PUBLISHED: 12:00 08 February 2016

Group of kids sms

Group of kids sms

Archant

Being recognised by more schools is the importance of wellbeing, writes Robin Gainher, headmaster of Beeston Hall School in West Runton

Much is being written at the moment in the educational press about children’s wellbeing and mental health. Over the past 30 years there has been a lot of research into the importance of wellbeing and its role in aiding learning and education outcomes. Wellbeing in young people was the focus of a global health summit in Qatar last February. The report presented at the summit called for “sweeping changes in the education of all children, so that ‘life skills’ are given the same attention as reading and writing” and proposed that all school-aged children should spend at least one hour per week “discussing their emotions, setting positive life goals, and learning how to cope with everyday pressures and social media”.

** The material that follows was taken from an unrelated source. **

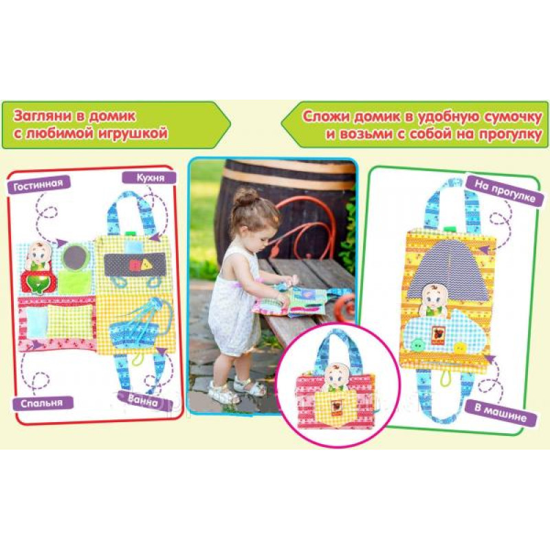 Тактильний навчальний килимок допоможе малюкові пізнати навколишній світ, розвинути моторику, абстрактне та логічне мислення, вивчити кольори, рахунок та алфавіт. Основні характеристики товару: Будинок-сумочка, упаковка: пакет 36 х39 см., вир Україна..

Furthermore an increasing number of schools are also focussing on staff wellbeing and mental health. Staff are the school’s most valuable and expensive resource who are on the front line on a daily basis.

The increasing focus on wellbeing for children and staff presents new challenges for governors and school leaders to ensure their school is appropriately resourced to support and develop children and staff alike.

It’s difficult to know what is to blame, with various experts citing different reasons. However, what many agree on is the impact of technology and social media on wellbeing. This should not come as any great surprise.